Monday, August 24, 2009

Sehelai Jubah Tipis*

*Tulisan ini pernah dikirim ke beberapa milis...

Ada seorang anak perempuan yang terlahir dengan segala hal yang diimpikan oleh banyak orang: wajah yang rupawan, kecerdasan yang luar biasa, bakat seni yang istimewa. Karena sangat menyayangi anak tersebut, Tuhan Sang Pencipta memutuskan memberikan hadiah yang istimewa baginya: Sehelai jubah tipis. Setiap ada yang memuji kelebihan anak tersebut dalam bentuk apa pun, Tuhan memberikan kepadanya sehelai jubah halus dan tipis meliputi tubuhnya yang tidak dapat dilihat oleh mata siapa pun di dunia kecuali mata Si Anak itu sendiri.
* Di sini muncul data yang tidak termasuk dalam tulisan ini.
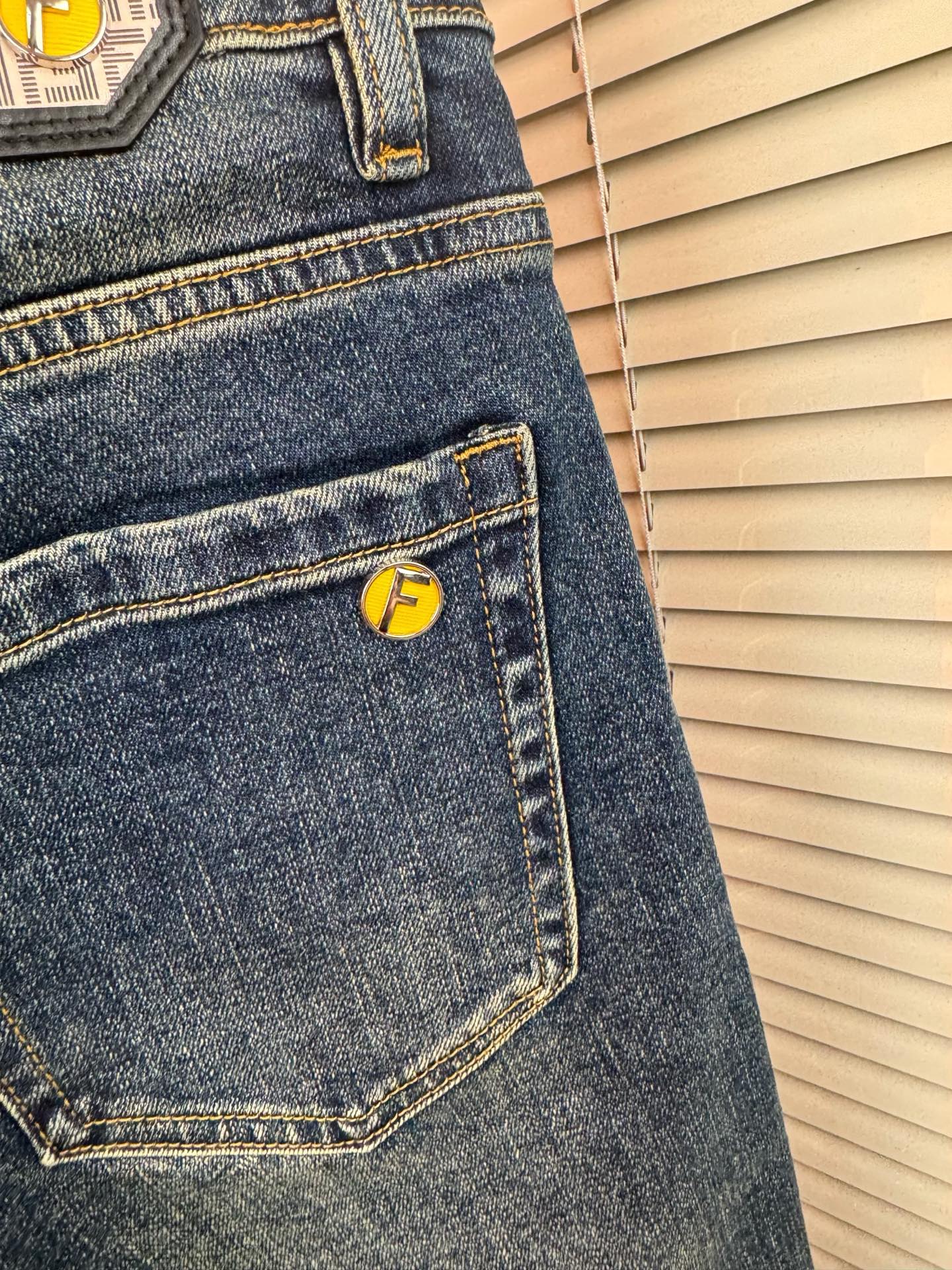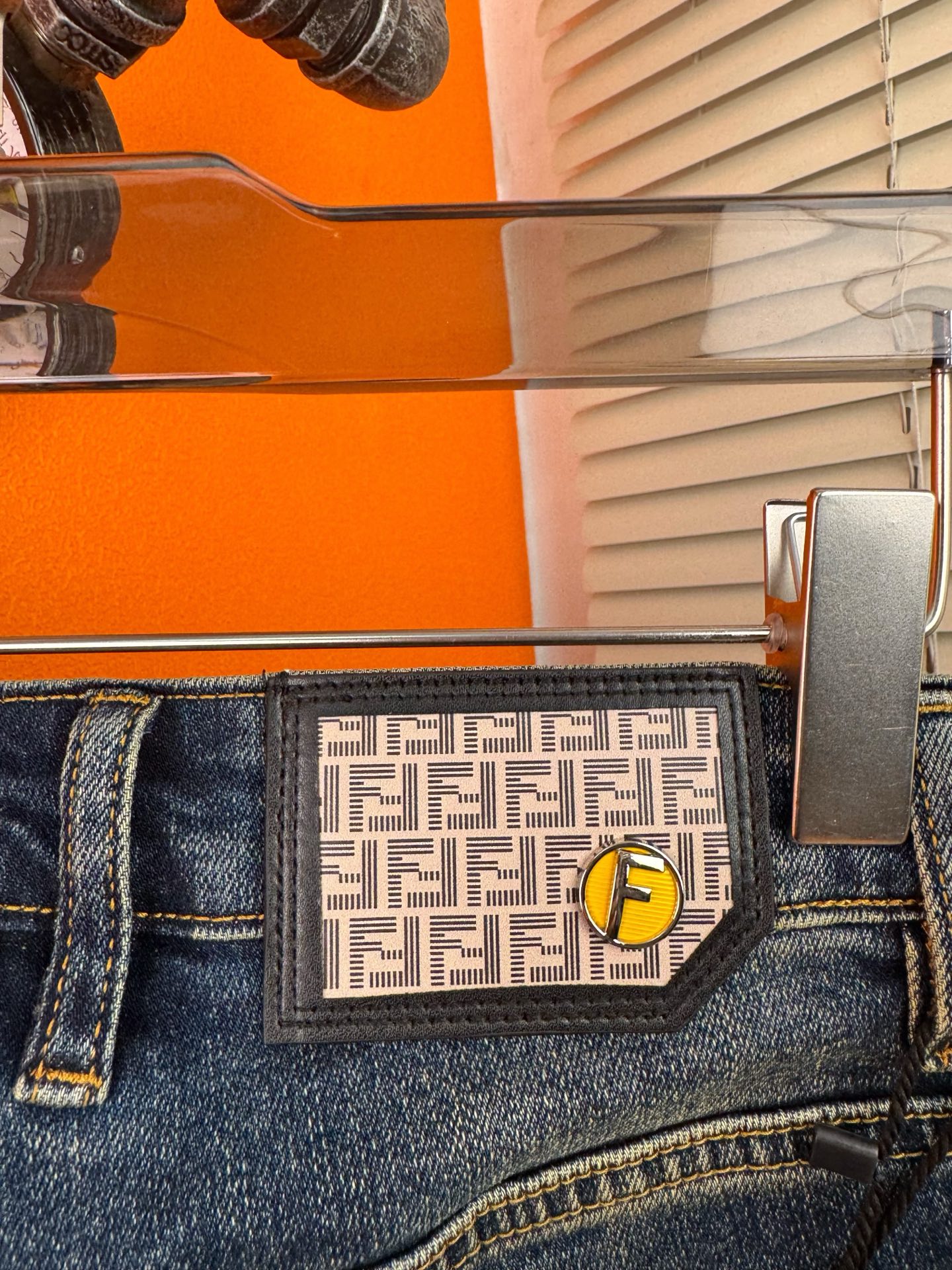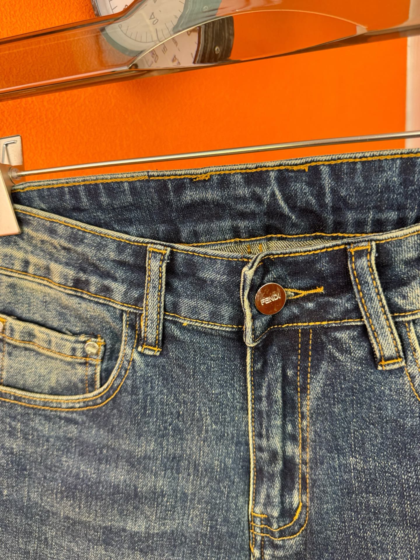Fendi classic blue cotton stretch jeans, slim fit, sizes 28-38.
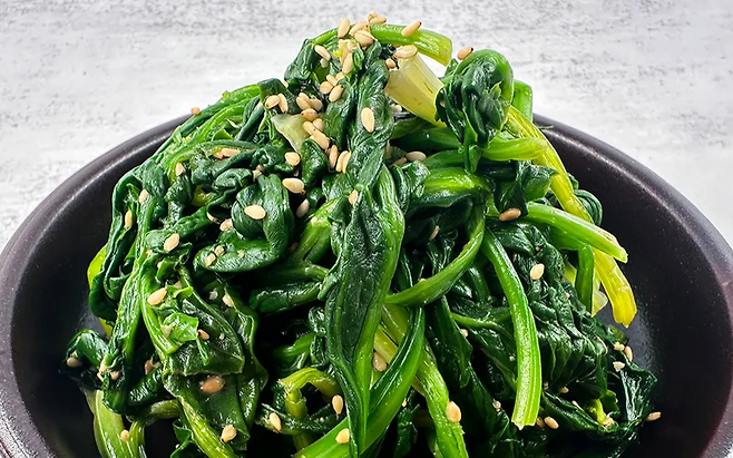 데친 시금치를 소금, 다진 마늘, 참기름으로 살짝 무쳐낸 시금치나물은 의사들이 자주 추천하는 녹색 채소 요리입니다. 하루 종일 쌓인 노폐물을 정리하고 간 기능을 도와주는 효과가 있으며, 철분과 엽산이 풍부해 피로 회복에도 좋습니다.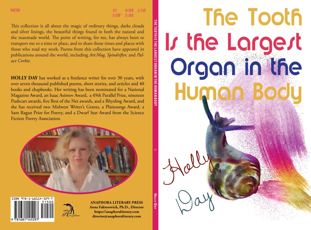 Holly Day has worked as a freelance writer for over 30 years, with over 7,000 published poems, short stories, and articles and 40 books and chapbooks. Her writing has been nominated for a National Magazine Award, an Isaac Asimov Award, a 49th Parallel Prize, nineteen Pushcart awards, five Best of the Net awards, and a Rhysling Award, and she has received two Midwest Writer’s Grants, a Plainsongs Award, a Sam Ragan Prize for Poetry, and a Dwarf Star Award from the Science Fiction Poetry Association.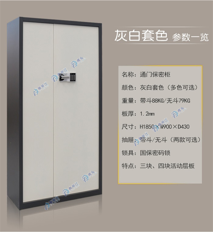顏色:灰白套色 規(guī)格:H1850xW900xD430mm 用途:適合儲放各種貴重物品:重要檔案,珍貴財物,公司印章,貴重器材等。

Jika Si Anak terhanyut dan terlena dalam satu pujian, maka satu jubah yang muncul karena pujian tersebut akan tetap tinggal membalut tubuhnya tanpa bisa ditanggalkan. Setiap ada yang menghina diri Si Anak, namun ia bersedia menerima dan memaafkannya dengan sungguh-sungguh, satu helai dari jubah yang tak tampak itu pun akan lenyap.

Tetapi keindahan tubuh dan bakat yang luar biasa Si Anak itu memang banyak mengundang decak kagum dan pujian tetapi sedikit sekali memunculkan hinaan dari orang di sekitarnya.
“Kecantikanmu tiada taranya, anakku”.
“Engkau akan jadi orang besar dan terkenal”.
“Engkau sangat cerdas, pasti bisa melakukan apa saja”.
“Suaramu sangat merdu. Tarianmu pun sangat menggetarkan hati”.
Demikianlah pujian demi pujian dilontarkan orang-orang yang bertemu Si Anak, dan memunculkan helai demi helai jubah tipis di tubuhnya.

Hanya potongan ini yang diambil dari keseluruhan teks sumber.